Brake „Pausenbrot wegwerfen war gestern, jetzt werden Lebensmittel gerettet“: Unter diesem Motto veranstaltete die Steuerungsgruppe „Saubere und faire Schule“ des Gymnasiums Brake im Rahmen der deutschlandweiten Aktionswoche „Deutschland rettet Lebensmittel“ vom Bundesministerium für Ernährung und Landwirtschaft einen Aktionstag gegen Lebensmittelverschwendung.

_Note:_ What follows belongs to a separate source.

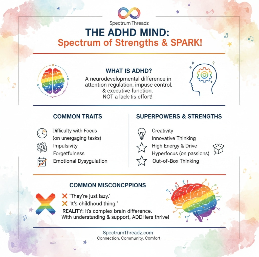 Attention-Deficit/Hyperactivity Disorder (ADHD) is a complex neurodevelopmental condition that affects how the brain manages executive functions, including attention, self-control, and impulse regulation. Like Autism Spectrum Disorder, ADHD is considered a part of neurodiversity, recognizing these differences in brain function as a normal human variation. It is a persistent, chronic condition that often begins in childhood and can continue through adolescence and adulthood.

Es gab ein buntes Informationsangebot mit Kurzfilmen, Broschüren und Umfragen, in dem die Organisatorinnen rund um die Lehrerinnen Magdalena Boinski und Svenja Thole die Teilnehmer aufforderten, zu schätzen, wie viele Lebensmittel in Deutschland pro Jahr in der Tonne landen und welchen Anteil private Haushalte daran haben.

75 Kilo pro Kopf

Und die Antwort? Laut dem Johann Heinrich von Thünen-Institut sind es zwölf Millionen Tonnen pro Jahr in Deutschland, wobei 52 Prozent durch den Verbraucher (pro Kopf 75 Kilogramm Lebensmittel) verursacht werden. Weitere 14 Prozent der verschwendeten Lebensmittel fallen durch die Außer-Haus-Verpflegung und nochmals zwölf Prozent bei der Primärproduktion, wie dem Aussortieren von Lebensmitteln bei der Ernte, da sie nicht den Normvorgaben entsprechen, an.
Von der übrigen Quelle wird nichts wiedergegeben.